--- Record extracts Enclosed Below ---
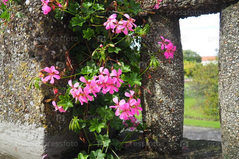 Цветущая розовая плющелистная герань пеларгония, вертикальный дизайн озеленения улиц и парков. Красивые крупные цветы герани пеларгонии герани. Цветоводство и садоводство. Баня Ковиляча
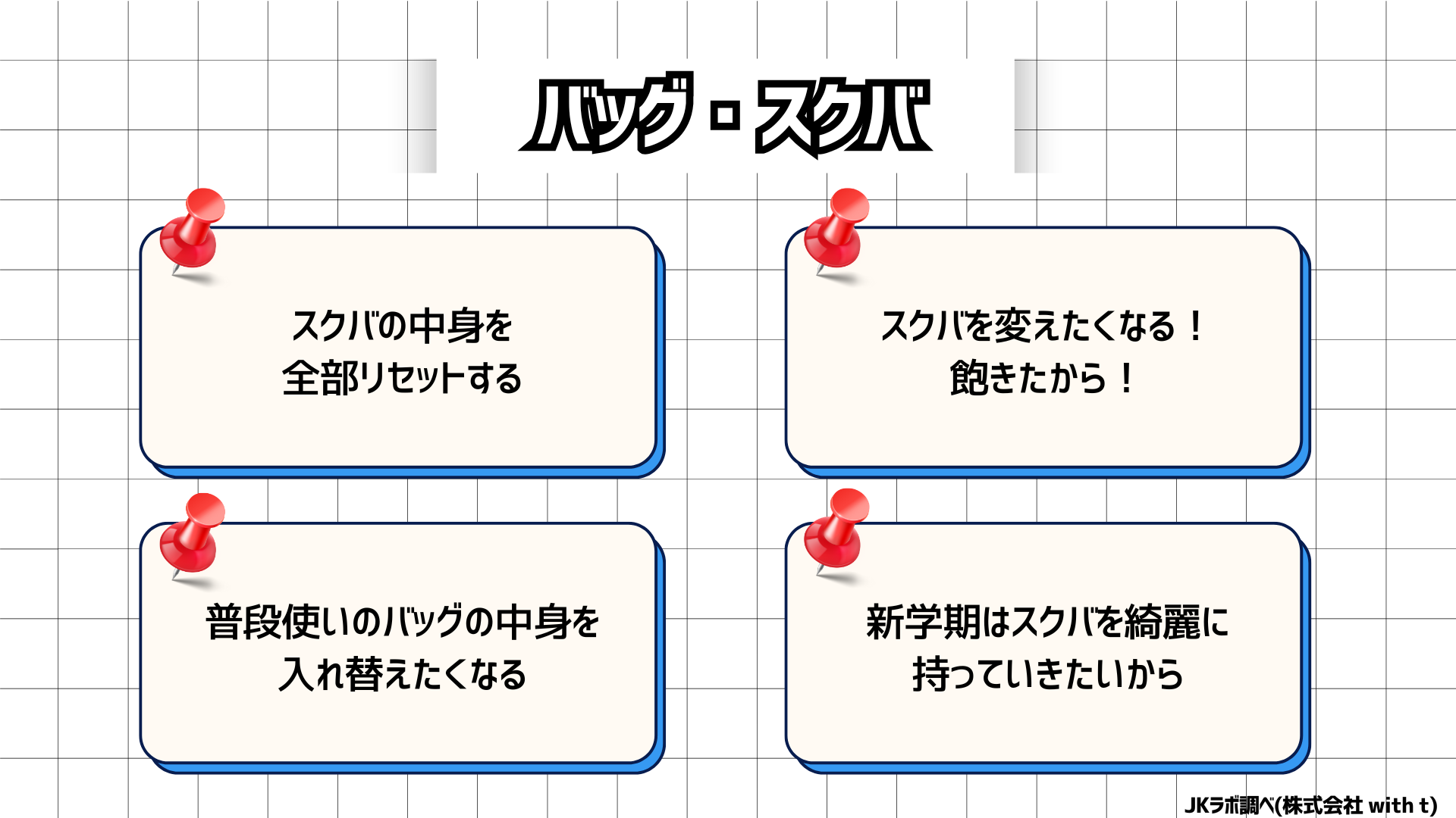 「スクバの中身を全部出してリセット」など、毎日使うバッグの整理で心機一転。
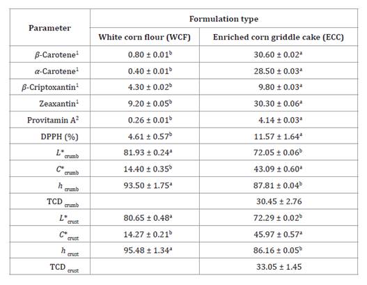 valores de carotenoides (30,60 μg/g de β-caroteno), provitamina A (4,14
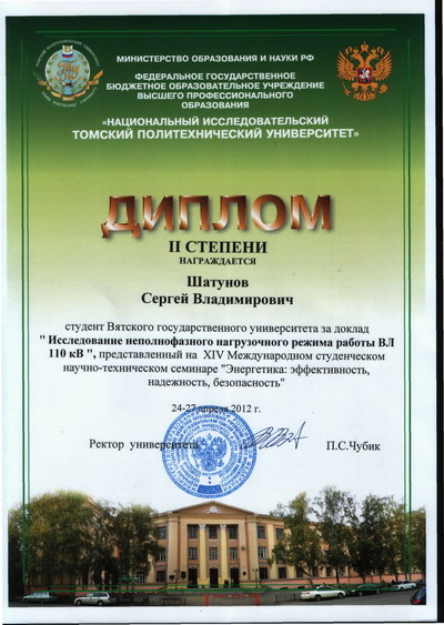 Также в рамках «Недели НИРС-2012 в ЭНИН ТПУ» проходил XIV Международный студенческий научно-технический семинар «Энергетика: эффективность, надежность, безопасность», в котором студент группы ЭС-51 Шатунов Сергей Владимирович выступил с докладом «Исследование неполнофазного нагрузочного режима работы ВЛ 110 кВ» и был отмечен дипломом II степени НИ ТПУ.
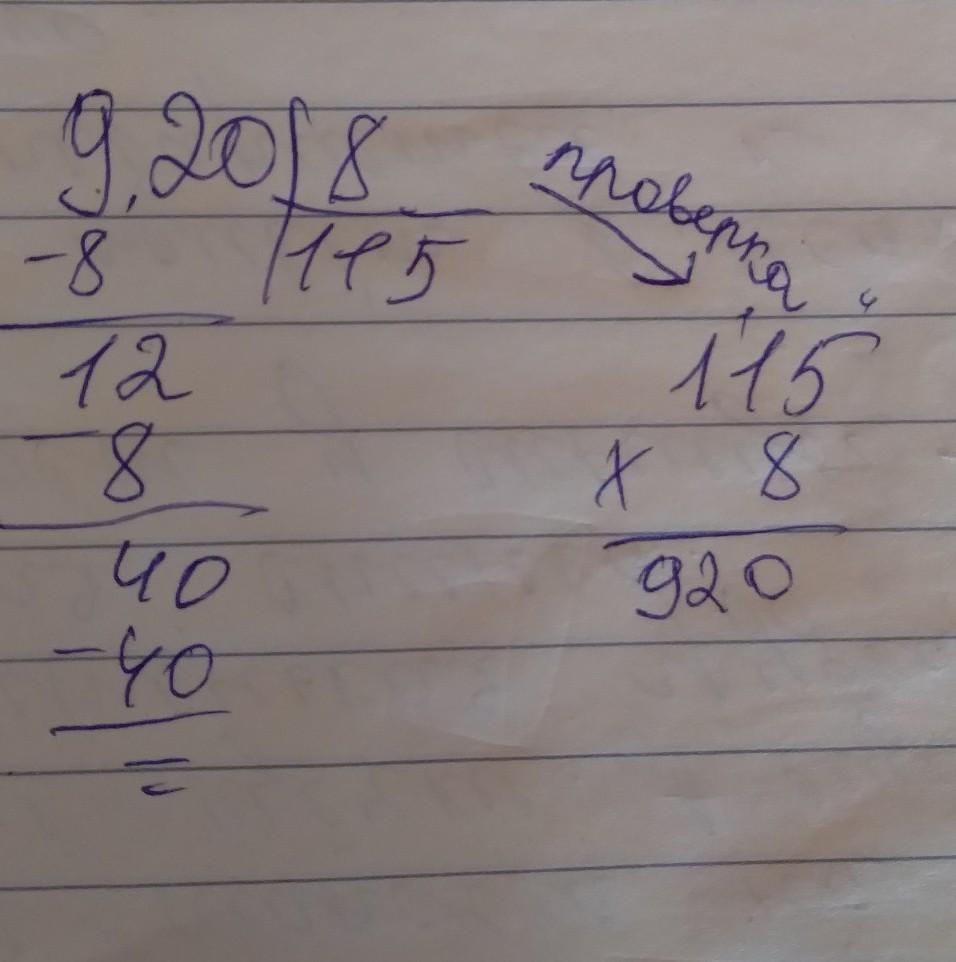 920:8=115 проверка: 115*8=920
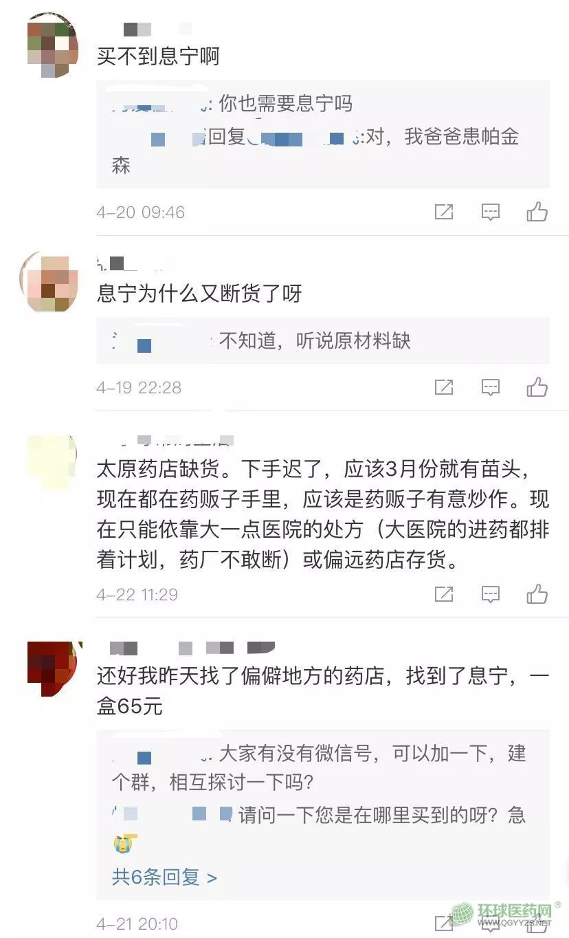 作為帕金森癥最主要的治療藥物之一,息寧自2016年全國(guó)大面積斷貨后,再次出現(xiàn)“藥荒”。自從今年年初開(kāi)始斷貨以來(lái),關(guān)于息寧的求藥帖在網(wǎng)絡(luò)上也快速發(fā)酵,微博、論壇等社交途徑均可見(jiàn)求藥的信息。
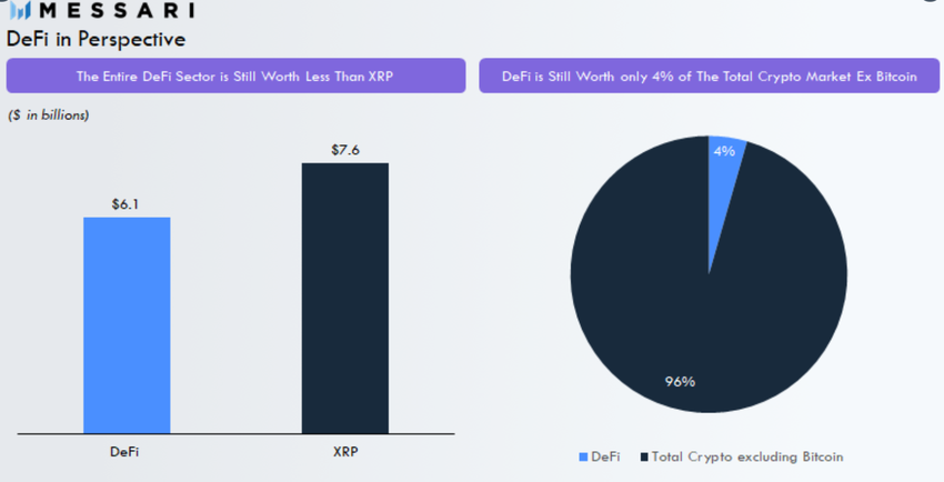 Из-за нынешнего хайпа может даже создаться впечатление, что рынок DeFi разросся до размера рынка биткоина. Однако это далеко не так. Согласно данным Messari, общий размер сектора DeFi составляет $6 млрд. Этот показатель не дотягивает даже до капитализации XRP, которая в рейтинге криптовалют является лишь 4-й. Кроме того, доля DeFi на криптовалютном рынке без учета биткоина составляет всего 4%.
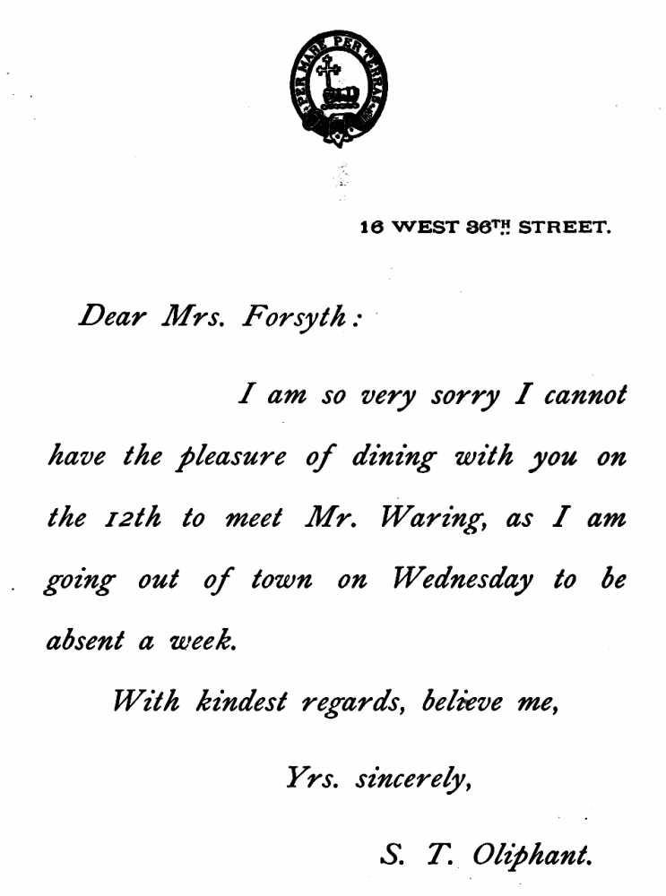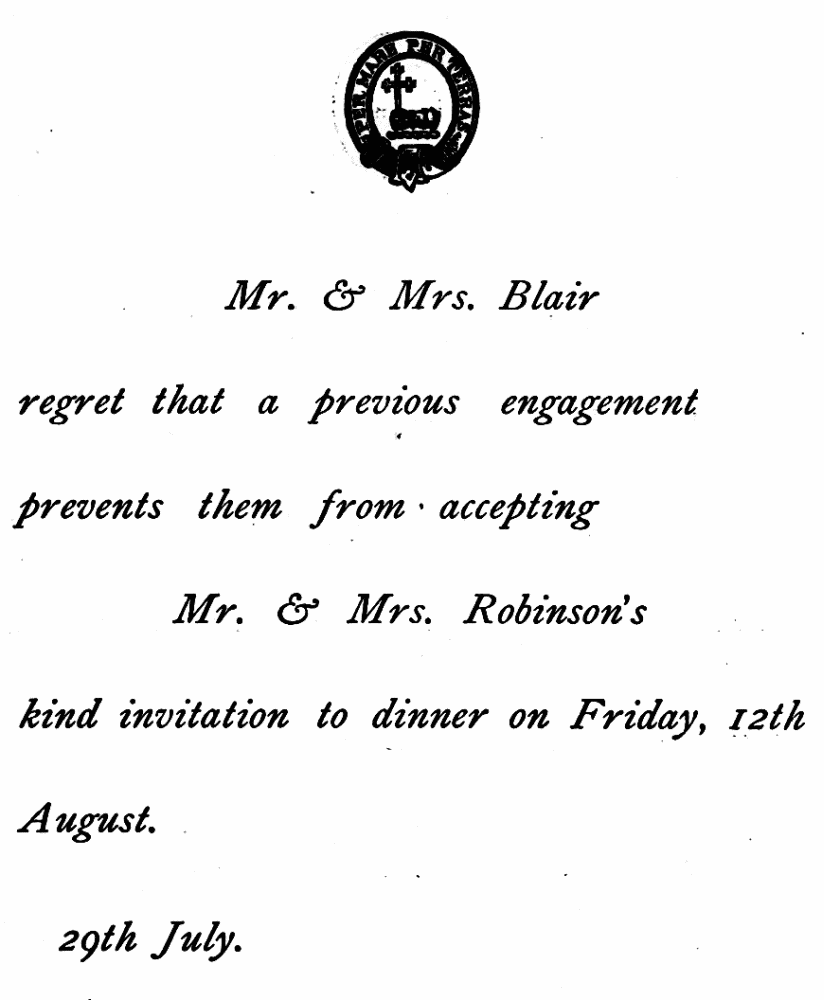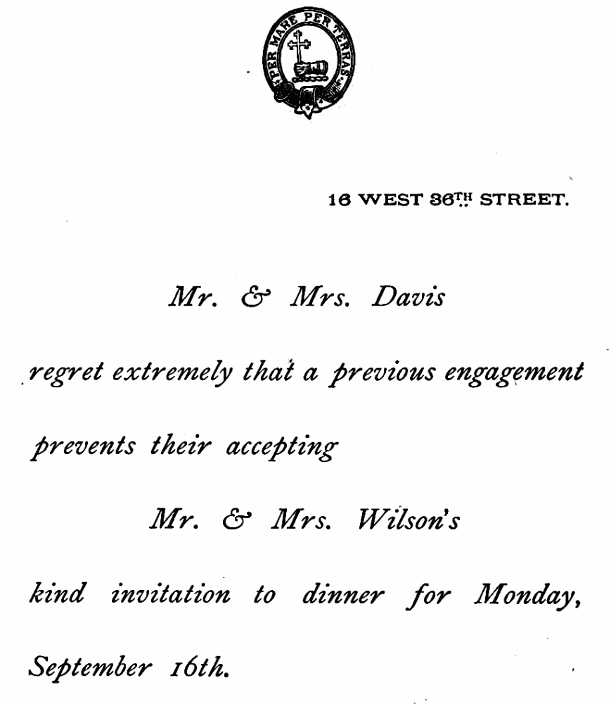 FORMAL REGRET OF INVITATION TO DINNER.
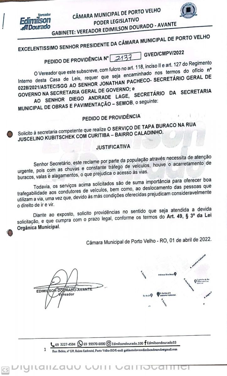 Através do Pedido de Providência nº 2.137/2022, o vereador Edimilson Dourado (Avante), solicitou junto à Secretaria Municipal de Obras (Semob), o serviço de tapa buraco na Rua Juscelino Kubitschek com Rua Curitiba, Bairro Caladinho, na zona sul de Porto Velho.
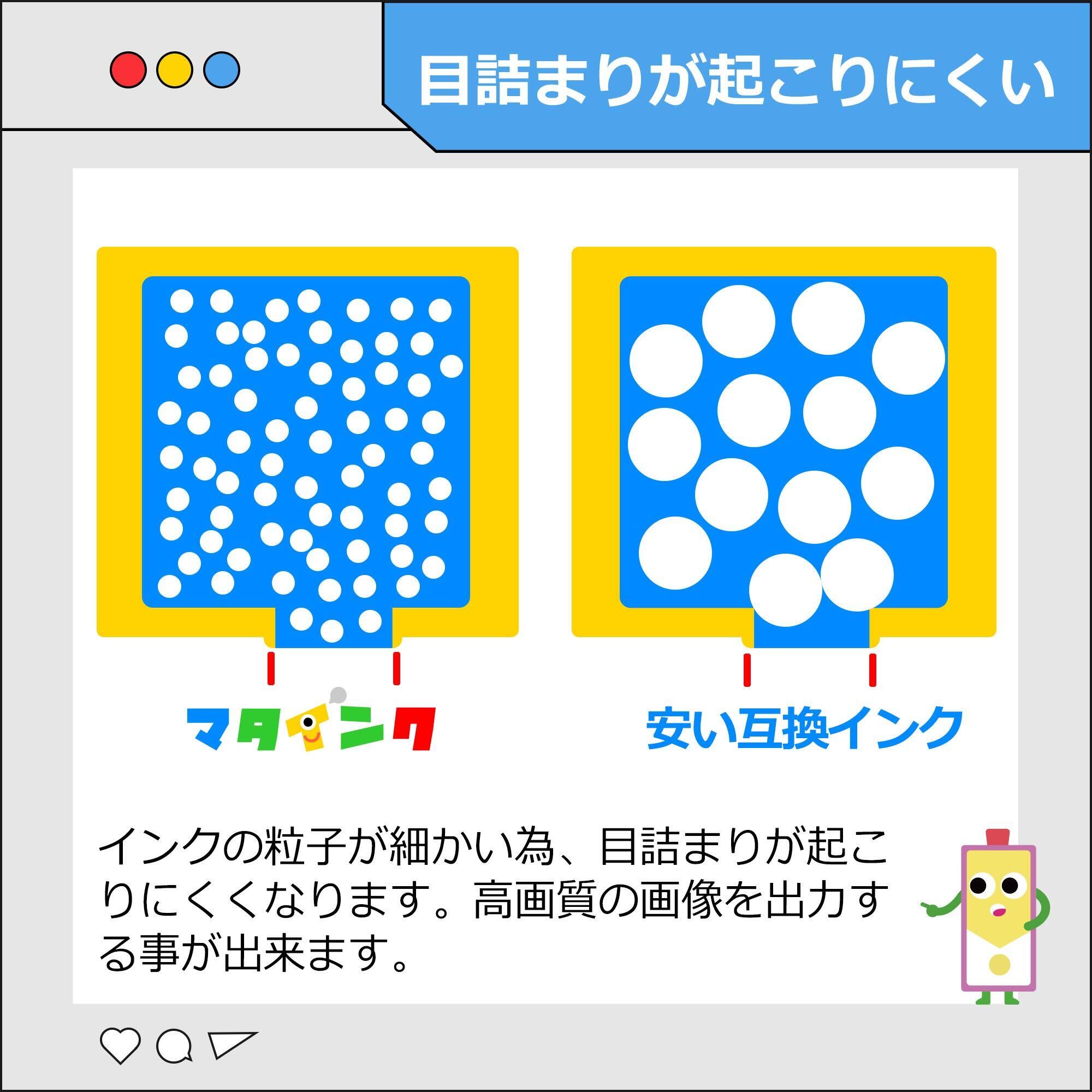 【注意事項】本製品は純正品ではありません。純正品との併用は問題ありませんが、別々の互換品メーカー同士の併用は避けてください。
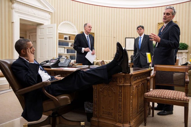 Некоторые комментаторы сравнили фотографии Конуэй с фотографиями бывшего американского лидера Барака Обамы. На них Обама, который также предпочитал неформальную обстановку, спокойно ставит ноги на стол в Овальном кабинете.
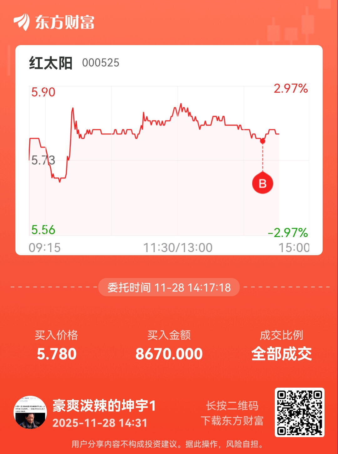 委托标的:买卖方向:笔记:红太阳红红火火!星期一估计有板!拿稳了拿住!习惯就好啦
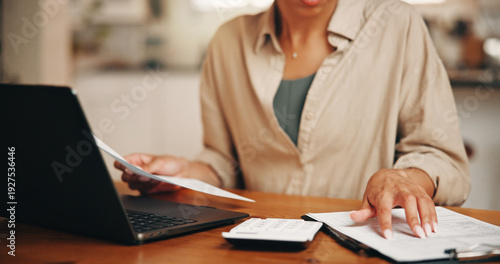 Woman, hands and document in apartment with laptop, calculator and administration for utility bills. Person, paperwork and computer in home with financial planning, household expense and tax return.
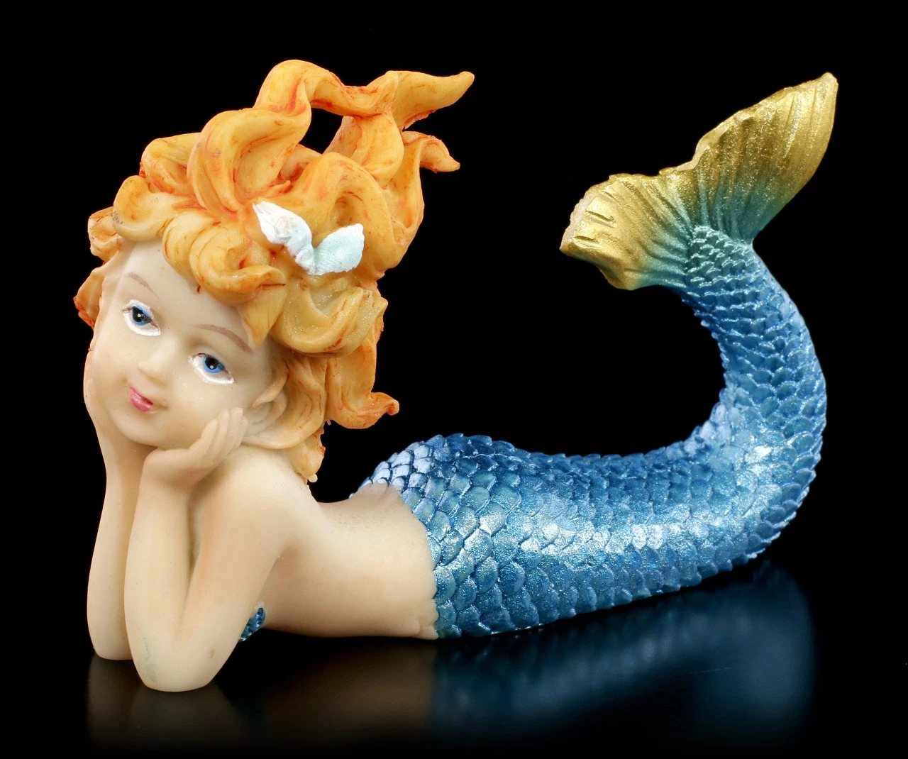 Die kleine Luana wartet am Meeresgrund liegend auf ihre Freunde. Ihre schönen Haare scheinen in der Meeresströmung zu wehen. Die Figur wurde liebevoll handbemalt und ausgearbeitet.
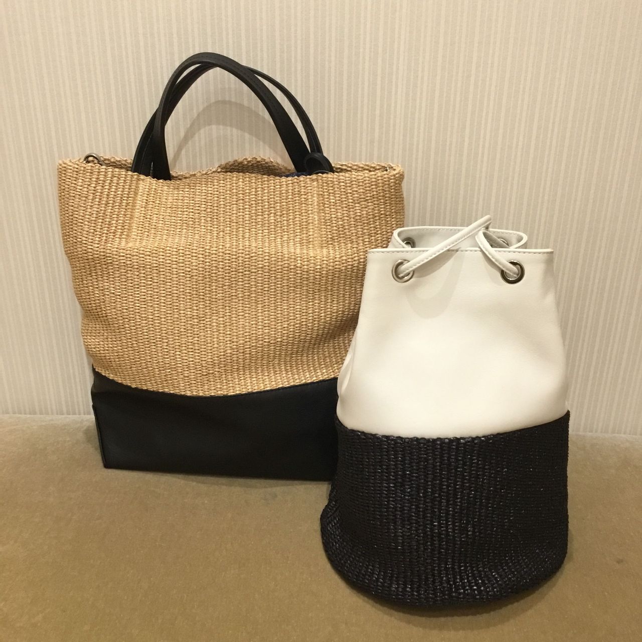 レザーと涼しげな素材のコンビバッグです。
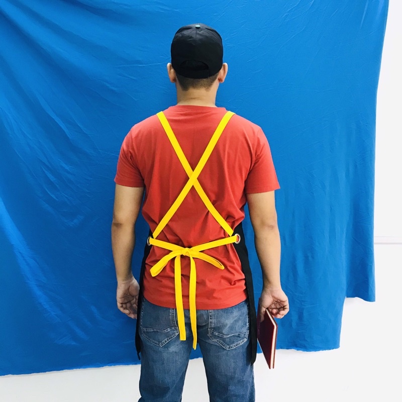 - Size: free size Nam Nữ đều sử dụng được vì đối với tạp dề yếm trên cổ có tăng đơ để tăng giảm độ dài tạp dề.
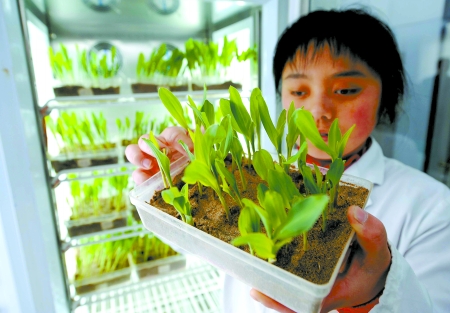 3月27日,浚縣種子站工作人員在查看光照培養(yǎng)箱里培養(yǎng)的種苗。近年來,浚縣實(shí)施“科技興糧”戰(zhàn)略,糧食生產(chǎn)連年獲得豐收。目前,浚縣100多萬畝小麥長勢(shì)良好。 新華社發(fā)
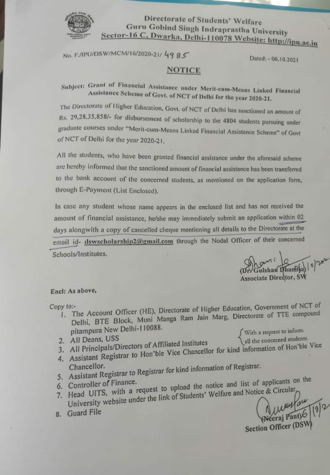 Grant of Financial assistance under Merit Cum Means
--- End of Enclosed Record extracts ---
Every line above should be copied exactly; do not carry over the pictures.

 Цветущая розовая плющелистная герань пеларгония, вертикальный дизайн озеленения улиц и парков. Красивые крупные цветы герани пеларгонии герани. Цветоводство и садоводство. Баня Ковиляча
 「スクバの中身を全部出してリセット」など、毎日使うバッグの整理で心機一転。
 valores de carotenoides (30,60 μg/g de β-caroteno), provitamina A (4,14
 Также в рамках «Недели НИРС-2012 в ЭНИН ТПУ» проходил XIV Международный студенческий научно-технический семинар «Энергетика: эффективность, надежность, безопасность», в котором студент группы ЭС-51 Шатунов Сергей Владимирович выступил с докладом «Исследование неполнофазного нагрузочного режима работы ВЛ 110 кВ» и был отмечен дипломом II степени НИ ТПУ.
 920:8=115 проверка: 115*8=920
 作為帕金森癥最主要的治療藥物之一,息寧自2016年全國(guó)大面積斷貨后,再次出現(xiàn)“藥荒”。自從今年年初開(kāi)始斷貨以來(lái),關(guān)于息寧的求藥帖在網(wǎng)絡(luò)上也快速發(fā)酵,微博、論壇等社交途徑均可見(jiàn)求藥的信息。
 Из-за нынешнего хайпа может даже создаться впечатление, что рынок DeFi разросся до размера рынка биткоина. Однако это далеко не так. Согласно данным Messari, общий размер сектора DeFi составляет $6 млрд. Этот показатель не дотягивает даже до капитализации XRP, которая в рейтинге криптовалют является лишь 4-й. Кроме того, доля DeFi на криптовалютном рынке без учета биткоина составляет всего 4%.
 FORMAL REGRET OF INVITATION TO DINNER.
 Através do Pedido de Providência nº 2.137/2022, o vereador Edimilson Dourado (Avante), solicitou junto à Secretaria Municipal de Obras (Semob), o serviço de tapa buraco na Rua Juscelino Kubitschek com Rua Curitiba, Bairro Caladinho, na zona sul de Porto Velho.
 【注意事項】本製品は純正品ではありません。純正品との併用は問題ありませんが、別々の互換品メーカー同士の併用は避けてください。
 Некоторые комментаторы сравнили фотографии Конуэй с фотографиями бывшего американского лидера Барака Обамы. На них Обама, который также предпочитал неформальную обстановку, спокойно ставит ноги на стол в Овальном кабинете.
 委托标的:买卖方向:笔记:红太阳红红火火!星期一估计有板!拿稳了拿住!习惯就好啦
 Woman, hands and document in apartment with laptop, calculator and administration for utility bills. Person, paperwork and computer in home with financial planning, household expense and tax return.
 Die kleine Luana wartet am Meeresgrund liegend auf ihre Freunde. Ihre schönen Haare scheinen in der Meeresströmung zu wehen. Die Figur wurde liebevoll handbemalt und ausgearbeitet.
 レザーと涼しげな素材のコンビバッグです。
 - Size: free size Nam Nữ đều sử dụng được vì đối với tạp dề yếm trên cổ có tăng đơ để tăng giảm độ dài tạp dề.
 3月27日,浚縣種子站工作人員在查看光照培養(yǎng)箱里培養(yǎng)的種苗。近年來,浚縣實(shí)施“科技興糧”戰(zhàn)略,糧食生產(chǎn)連年獲得豐收。目前,浚縣100多萬畝小麥長勢(shì)良好。 新華社發(fā)
 Grant of Financial assistance under Merit Cum Means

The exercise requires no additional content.